A three point plan to help you lose weight for good - expert
New year. New body. At least, that’s the theory.
We go in hard, dieting, sweating and mentally beating ourselves up in search of the body beautiful. And all because the mega-rich diet industry has fooled us into believing the perfect body holds the key to lasting happiness.
That when you can squeeze into those skinny jeans all will be well. That cutting calories is a loftier goal than building a meaningful life.
It’s a clever deception. No wonder they’re rich.
As a psychologist, I don’t support the obsessive, sometimes dangerous, demands people place on themselves to look a certain way, to conform to ideals laid down by a society obsessed with physical appearance. But it’s also deceptive to tell yourself to “love what you’ve got” if it’s an unhealthy size and it prevents you from functioning well and from doing things you would enjoy, with people you love.

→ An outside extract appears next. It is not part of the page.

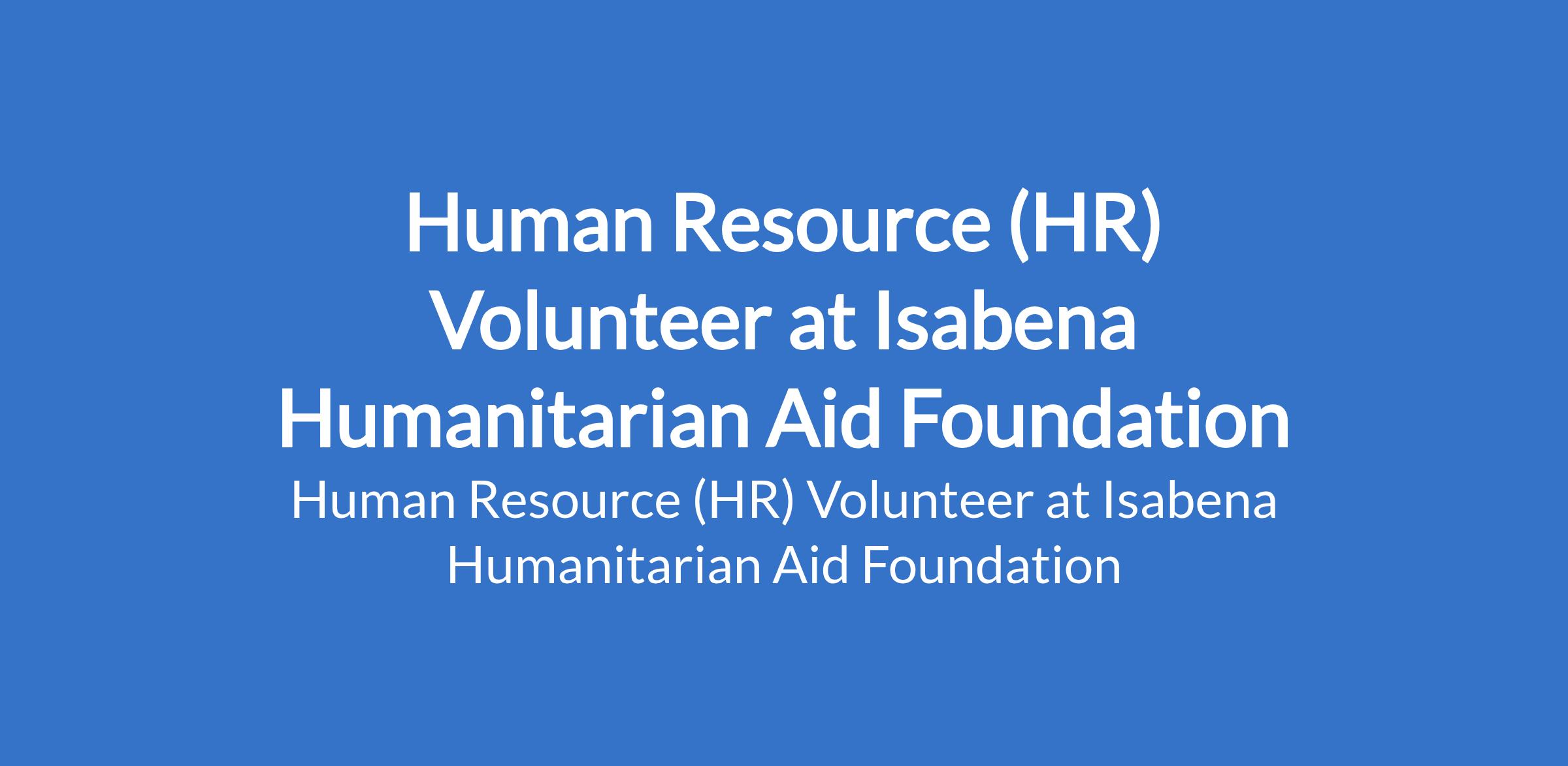 Human Resource (HR) Volunteer at Isabena Humanitarian Aid Foundation

If that’s you – if you’re short on strength, energy, flexibility and the ability to physically have fun – it’s time to act.
A THREE-POINT PLAN TO HELP
1. Identify why you want to lose weight. Write it down. The reason must be meaningful. If it doesn’t mean enough to you, you’ll fail. Perhaps not in the short term but over time. That’s why people can often lose weight for an important event — and start to regain as soon as the event is over.
2. Commit to doing things things differently (with food and activity). Doing more of the same will bring you more of the same, faster. This is too obvious to lecture you about, so I won’t.
3. Find and name your hot spots. In other words, your food weaknesses. We all have them. Chocolate? Chips? Cake? Take out? These are things you eat too much of, too often.
Use these three questions to help you:
I have a soft spot for (add food type and quantities)
I most often eat poorly (add time and day)
I eat unhealthily when I feel (identify emotion).
Once you know the answers to these questions and you have acknowledged them and written them down, you just need to put a strategy in place to counter each of them. For example, if evening chocolate is your hotspot then don’t have it in the house, replace what you eat in the evenings with something else, plan something interesting to do at that time. If boredom, for example, is an emotional trigger, then address why you’re so bored.
Finally, don’t listen to all the lies. There’s a reason the diet-industry is a multi-billion dollar one, and growing. People will try to trick you. They will tell you their diet is The One, that you only need to cut sugar or carbs or fat or meat or get more sleep or reduce stress or whatever, you are on your way to body nirvana.
You’re not. There is no one-size-fits-all solution to lasting weight loss. But if you reduce your food intake (most important) and you become more active, you will lose weight. You don’t have to run a marathon or become a gym bunny, you just have to eat less and move more than you have been. A daily walk is fine, if you stay with it.
Remember, food is not your enemy. It’s just a thing lying on a plate or hanging out in a bag — it doesn’t want you to obsess about it, nor is it looking to attack you, so don’t hand it the power. Just let it be food.
Most of all, aim to create the Life you want, not the Body.
Too many people pin their hopes and dreams on something they don’t yet have. A new job. A new relationship. Most of all, a different (slimmer) body.
The simple truth is that Happiness is not hiding inside a pair of skinny jeans. So give yourself a break and stop looking there.